== DATA BELOW ==
=======

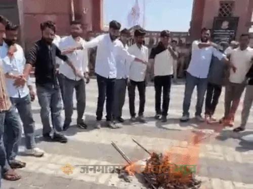 शेखावाटी यूनिवर्सिटी में छात्रों-सुरक्षाकर्मियों में धक्कामुक्की:शैलेंद्रनाथ महाराज को मानद उपाधि देने को लेकर विरोध, VC का पुतला फूंका, कल दीक्षांत समारोह
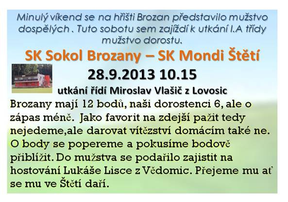 Odjezd dorostenců do Brozan v sobotu v 8:30
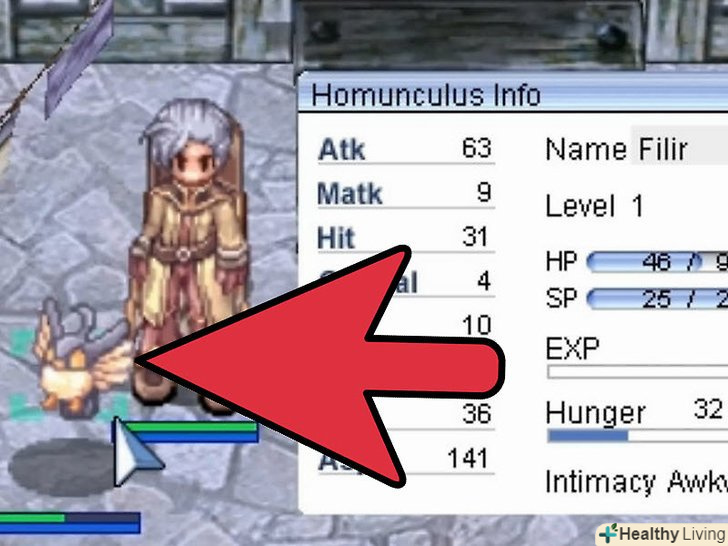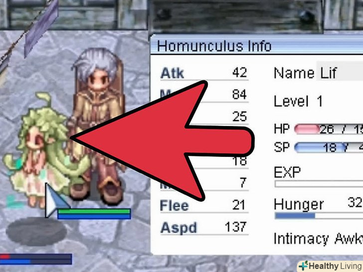 Покращуйте гомункула.Ваш гомункул може рости і в підсумку стати сильним супутником. Коли рівень близькості гомункула досягне показника Loyal, ви зможете еволюціонувати його за допомогою предмета Stone of Sage.- З еволюцією гомункул отримає випадковий бонус до однієї з характеристик, збільшення здоров'я, збільшення кількості SP, а також новий вигляд.
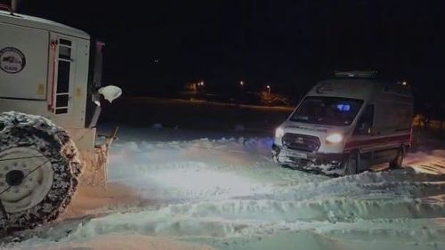 Karakoçan'da Aşağı Ovacık köyüne hasta götüren ambulans kar ve buzlanma nedeniyle kara saplandı; İl Özel İdaresi ekipleri müdahale ederek ambulansı kurtardı.

=======

== WHAT YOU ARE ASKED TO DO ==
The listing above must be repeated exactly. Its pictures are not part of the copy.

== WRITTEN REPLY ==
 शेखावाटी यूनिवर्सिटी में छात्रों-सुरक्षाकर्मियों में धक्कामुक्की:शैलेंद्रनाथ महाराज को मानद उपाधि देने को लेकर विरोध, VC का पुतला फूंका, कल दीक्षांत समारोह
 Odjezd dorostenců do Brozan v sobotu v 8:30
 Покращуйте гомункула.Ваш гомункул може рости і в підсумку стати сильним супутником. Коли рівень близькості гомункула досягне показника Loyal, ви зможете еволюціонувати його за допомогою предмета Stone of Sage.- З еволюцією гомункул отримає випадковий бонус до однієї з характеристик, збільшення здоров'я, збільшення кількості SP, а також новий вигляд.
 Karakoçan'da Aşağı Ovacık köyüne hasta götüren ambulans kar ve buzlanma nedeniyle kara saplandı; İl Özel İdaresi ekipleri müdahale ederek ambulansı kurtardı.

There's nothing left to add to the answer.